Arterial blood gas measurements
Aortic puncture was performed at the time of sacrifice and arterial blood gases were measured.

Bronchoalveolar lavage
In these experiments, BAL was performed with the whole right lung, W:D lung ratio was performed with the basal part of the left lung, and the apical part of the left lung was excised, frozen in liquid nitrogen and stored at –80°C until use. The left bronchus was clamped to allow BAL of the right lung (middle and caudal lobes), using a tracheotomy tube. Five 4-mL aliquots of 37°C, sterile, pyrogen-free, 0.9% saline were flushed through the tracheotomy tube. The five fractions were recovered and pooled. The total number of cells was counted using a standard haemocytometer. The BAL fluid was then centrifuged at 300xg for 7 min.
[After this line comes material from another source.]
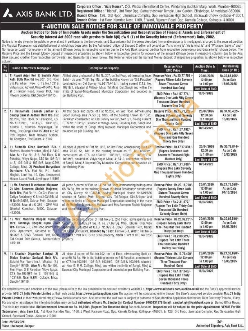 All piece & parcel of Flat No. 316, on 3rd Floor, admeasuring Built up area 76.02 Sq. Mtr. in the building known as "S. B. Paradise", constructed on CTS No.10319/1, 10319/2, 10319/3, 10319/5 & 10319/6, situated at- Vidya Nagar, Miraj-416410, and within the limits of Sangli, Miraj & Kupwad City Municipal Corporation and bounded as per Building Plan

The supernatant was collected and stored at –80°C.

Wet-to-dry lung weight ratio
The freshly harvested left lung was separated, weighed, then dried at 40°C for 72 h, and finally weighed again. The W:D ratio was calculated by dividing the wet weight by the dry weight.

Preparation of rat lung homogenates
Lungs were excised, frozen in liquid nitrogen and stored at –80°C until use. Lung homogenates were prepared as described previously and then membrane fractions were used for the determination of sPLA2-IIA activity (see below) 4.

Bacterial culture
The concentration of bacteria was quantified as described 9, results were expressed as colony-forming units per gram of tissue or millilitre of BAL fluid.
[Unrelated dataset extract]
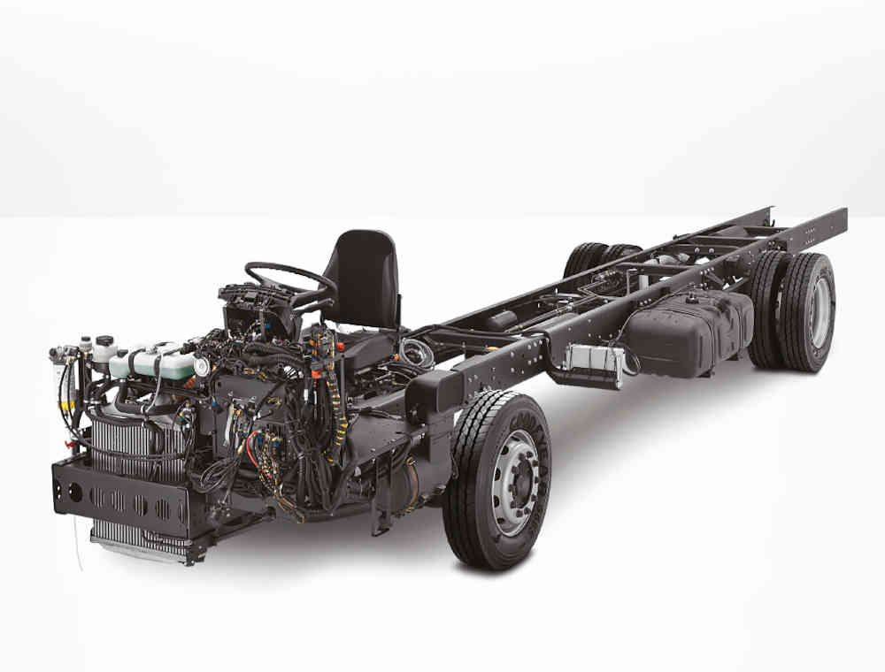Para la industria de la construcción, este chasis sirve como plataforma para grúas hidráulicas, plataformas elevadoras y maquinaria especializada. Su capacidad de carga y estructura resistente permiten soportar equipos pesados y operar en condiciones de obra demandantes.

Measurement of type-IIA secretory phospholipase A2 activity
The measurement of sPLA2-IIA activity was carried out using the fluorometric assay that has been shown to be selective for sPLA2 as described previously 13. Briefly, the fluorescent phospholipid substrate was dried under nitrogen and suspended in ethanol at a concentration of 0.2 mM. Vesicles were prepared by mixing the ethanol solution and the fluorescent phospholipid with a buffer solution containing 50 mM Tris-HCl, 100 mM NaCl, 1 mM ethyleneglycol-bis-(ß-aminoethylether)-N,N,N',N'-tetraacetic acid (EGTA) with a pH of 7.5. The substrate solution was then mixed with 10% fatty-acid free, bovine serum albumin and aliquots from BAL fluids and lung membranes. The reactions were initiated with CaCl₂ at a 10 mM final concentration. The fluorescence measurements were performed with a Jobin et Yvon JY3D spectrofluorometer (Stamnore, UK) equipped with a Xenon lamp. To verify whether the observed activity was due to sPLA2-IIA, samples from BAL fluids and lung homogenates were preincubated with sPLA2-IIA inhibitor LY311727 before the enzymatic assay.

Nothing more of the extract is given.